* **AIM OF THE EXERCISE**
Please repeat exactly the lines below from the line with "(3)向含有HBr的溶液中通" to the line with "green digital binary", including both, and leave out every picture.

* **INPUT DATA**

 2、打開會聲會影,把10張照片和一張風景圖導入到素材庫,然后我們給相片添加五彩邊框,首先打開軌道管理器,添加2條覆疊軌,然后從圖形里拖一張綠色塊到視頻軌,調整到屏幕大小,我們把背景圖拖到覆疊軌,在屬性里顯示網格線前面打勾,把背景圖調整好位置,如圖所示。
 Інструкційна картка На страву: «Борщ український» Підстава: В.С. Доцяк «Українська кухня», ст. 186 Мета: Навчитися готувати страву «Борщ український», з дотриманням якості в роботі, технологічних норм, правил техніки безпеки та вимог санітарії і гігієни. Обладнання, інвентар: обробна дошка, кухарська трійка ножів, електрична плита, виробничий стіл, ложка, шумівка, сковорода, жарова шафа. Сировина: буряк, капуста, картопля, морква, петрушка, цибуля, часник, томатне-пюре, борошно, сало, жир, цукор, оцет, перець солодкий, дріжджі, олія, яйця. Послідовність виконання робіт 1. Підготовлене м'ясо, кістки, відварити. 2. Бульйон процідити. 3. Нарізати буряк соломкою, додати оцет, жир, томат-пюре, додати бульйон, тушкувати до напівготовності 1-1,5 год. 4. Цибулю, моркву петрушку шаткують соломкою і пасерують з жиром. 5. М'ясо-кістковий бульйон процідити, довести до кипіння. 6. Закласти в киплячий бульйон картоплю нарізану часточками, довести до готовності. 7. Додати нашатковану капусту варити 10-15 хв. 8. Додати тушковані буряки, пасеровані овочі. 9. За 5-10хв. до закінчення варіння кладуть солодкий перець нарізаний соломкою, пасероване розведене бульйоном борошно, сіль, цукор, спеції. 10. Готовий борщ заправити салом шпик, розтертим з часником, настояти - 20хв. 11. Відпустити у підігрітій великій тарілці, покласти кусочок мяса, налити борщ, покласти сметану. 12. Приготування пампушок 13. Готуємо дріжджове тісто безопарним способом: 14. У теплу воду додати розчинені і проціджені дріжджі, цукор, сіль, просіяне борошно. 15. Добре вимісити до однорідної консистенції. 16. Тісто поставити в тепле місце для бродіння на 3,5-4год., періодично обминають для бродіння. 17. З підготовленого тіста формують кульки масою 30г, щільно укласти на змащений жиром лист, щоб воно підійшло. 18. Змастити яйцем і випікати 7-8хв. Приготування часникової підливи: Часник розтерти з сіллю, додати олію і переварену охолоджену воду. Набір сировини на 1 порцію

...

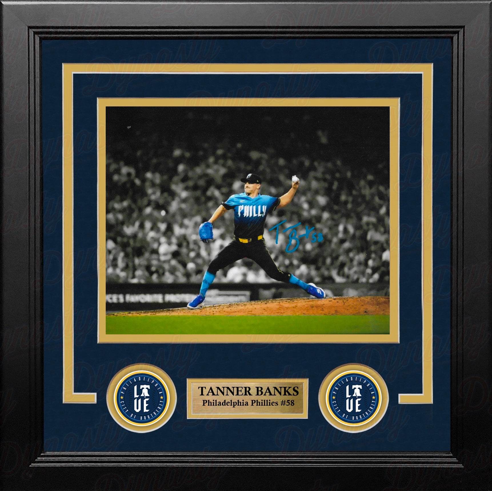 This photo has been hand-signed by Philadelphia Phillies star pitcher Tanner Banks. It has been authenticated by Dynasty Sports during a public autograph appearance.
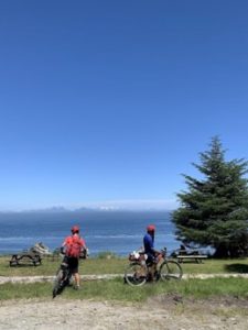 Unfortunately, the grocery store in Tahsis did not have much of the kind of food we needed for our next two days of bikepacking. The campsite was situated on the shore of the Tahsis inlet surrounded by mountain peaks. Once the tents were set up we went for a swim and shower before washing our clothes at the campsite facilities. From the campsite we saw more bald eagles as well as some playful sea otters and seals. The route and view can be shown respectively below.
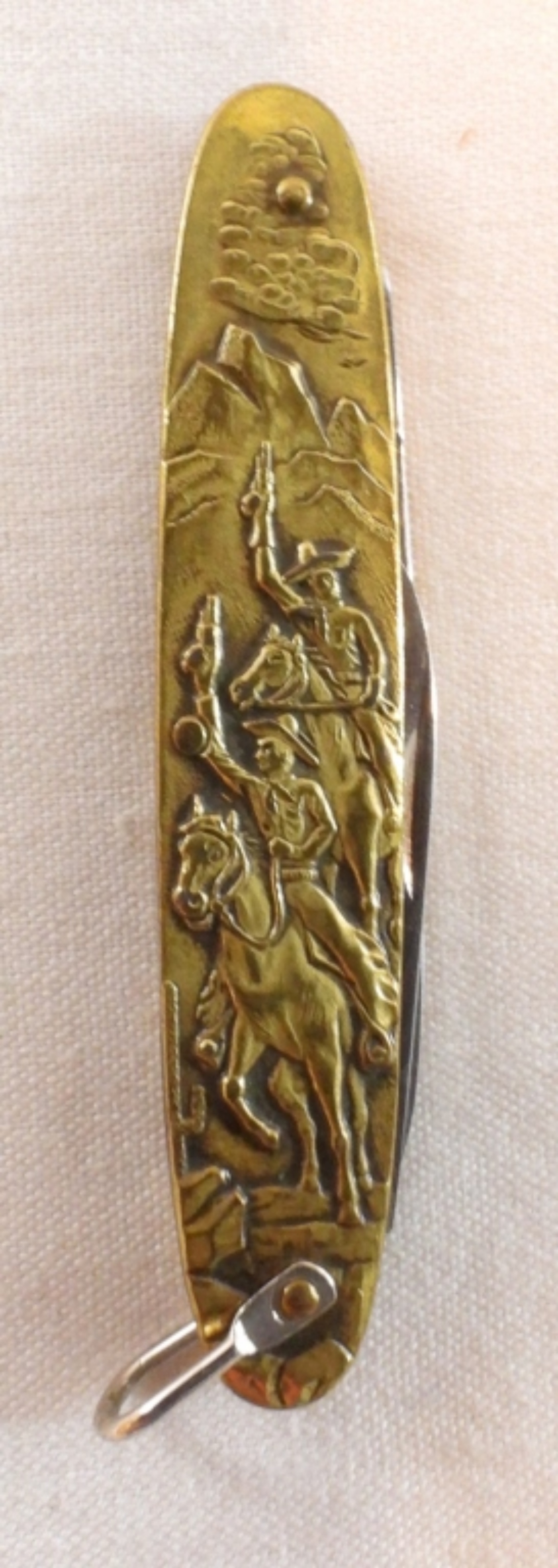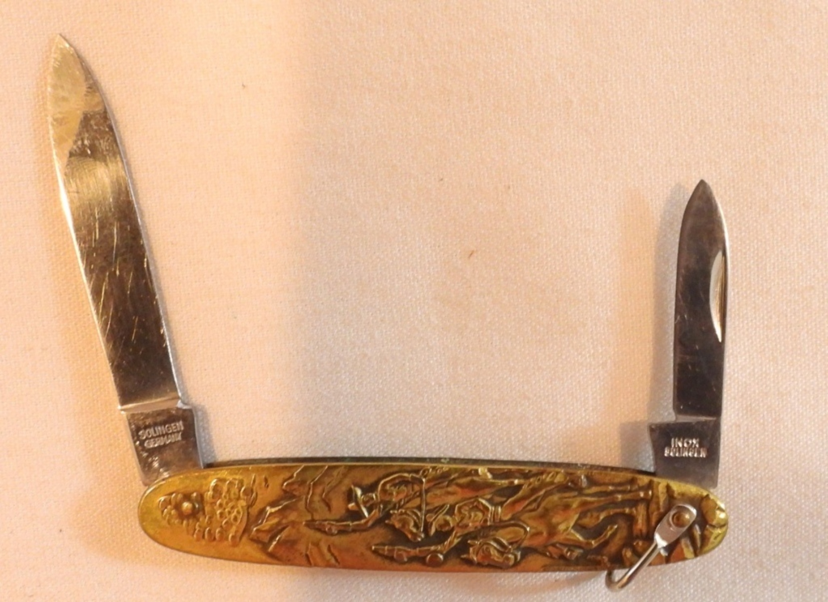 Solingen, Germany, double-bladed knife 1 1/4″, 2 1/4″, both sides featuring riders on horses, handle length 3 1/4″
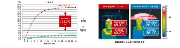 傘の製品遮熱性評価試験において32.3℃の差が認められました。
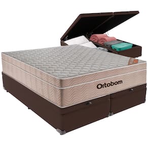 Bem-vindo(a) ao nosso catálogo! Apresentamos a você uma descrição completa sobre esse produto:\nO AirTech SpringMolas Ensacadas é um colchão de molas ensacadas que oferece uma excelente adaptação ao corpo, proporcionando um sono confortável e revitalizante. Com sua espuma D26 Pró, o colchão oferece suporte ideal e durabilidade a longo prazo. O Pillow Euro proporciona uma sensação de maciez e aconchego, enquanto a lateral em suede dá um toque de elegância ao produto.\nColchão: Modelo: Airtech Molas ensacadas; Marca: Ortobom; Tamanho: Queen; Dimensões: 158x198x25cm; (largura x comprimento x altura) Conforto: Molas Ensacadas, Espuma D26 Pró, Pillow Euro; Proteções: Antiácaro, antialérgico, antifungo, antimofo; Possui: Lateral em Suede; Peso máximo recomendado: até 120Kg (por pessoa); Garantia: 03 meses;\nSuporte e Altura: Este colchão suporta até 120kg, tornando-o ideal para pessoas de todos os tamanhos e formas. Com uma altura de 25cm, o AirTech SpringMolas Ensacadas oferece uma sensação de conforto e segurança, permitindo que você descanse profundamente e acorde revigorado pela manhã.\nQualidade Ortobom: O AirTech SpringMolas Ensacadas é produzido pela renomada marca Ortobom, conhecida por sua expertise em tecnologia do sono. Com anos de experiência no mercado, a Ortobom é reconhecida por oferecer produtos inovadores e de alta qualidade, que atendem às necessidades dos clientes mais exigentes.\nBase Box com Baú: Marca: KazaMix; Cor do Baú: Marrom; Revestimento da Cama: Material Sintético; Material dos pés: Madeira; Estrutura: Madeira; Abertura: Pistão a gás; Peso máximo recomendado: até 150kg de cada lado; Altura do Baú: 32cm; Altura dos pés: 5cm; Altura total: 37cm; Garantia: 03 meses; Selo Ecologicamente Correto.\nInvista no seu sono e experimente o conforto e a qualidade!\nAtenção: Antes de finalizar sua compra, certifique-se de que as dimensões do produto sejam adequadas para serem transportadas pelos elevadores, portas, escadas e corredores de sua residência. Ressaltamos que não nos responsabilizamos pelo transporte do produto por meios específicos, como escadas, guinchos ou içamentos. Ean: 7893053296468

==

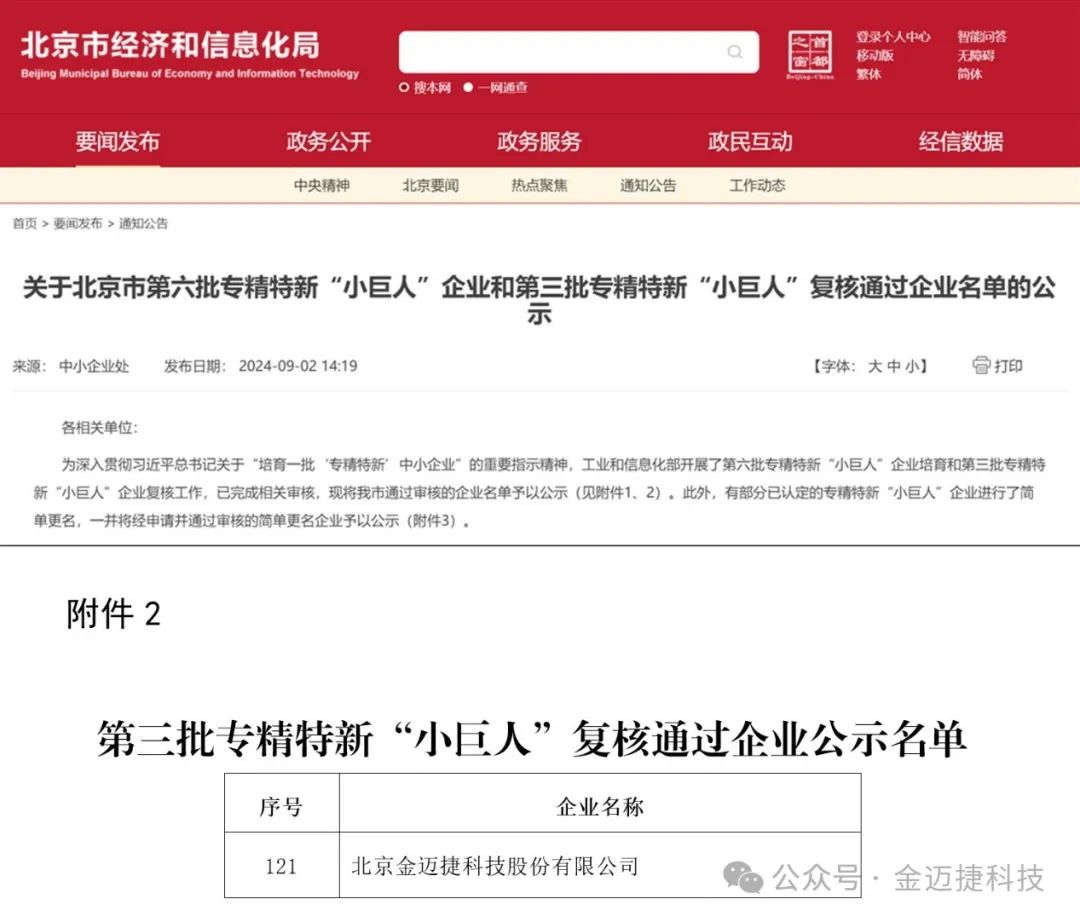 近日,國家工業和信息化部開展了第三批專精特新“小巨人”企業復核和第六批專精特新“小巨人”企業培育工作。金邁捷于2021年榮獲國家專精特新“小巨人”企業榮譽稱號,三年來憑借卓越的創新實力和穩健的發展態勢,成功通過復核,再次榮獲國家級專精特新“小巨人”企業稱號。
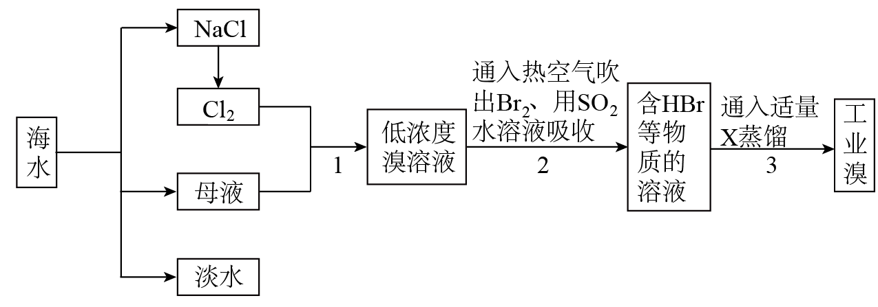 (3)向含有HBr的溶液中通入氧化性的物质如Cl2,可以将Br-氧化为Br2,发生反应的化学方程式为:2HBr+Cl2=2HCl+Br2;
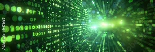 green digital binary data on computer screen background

* **RESULT**
 (3)向含有HBr的溶液中通入氧化性的物质如Cl2,可以将Br-氧化为Br2,发生反应的化学方程式为:2HBr+Cl2=2HCl+Br2;
 green digital binary data on computer screen background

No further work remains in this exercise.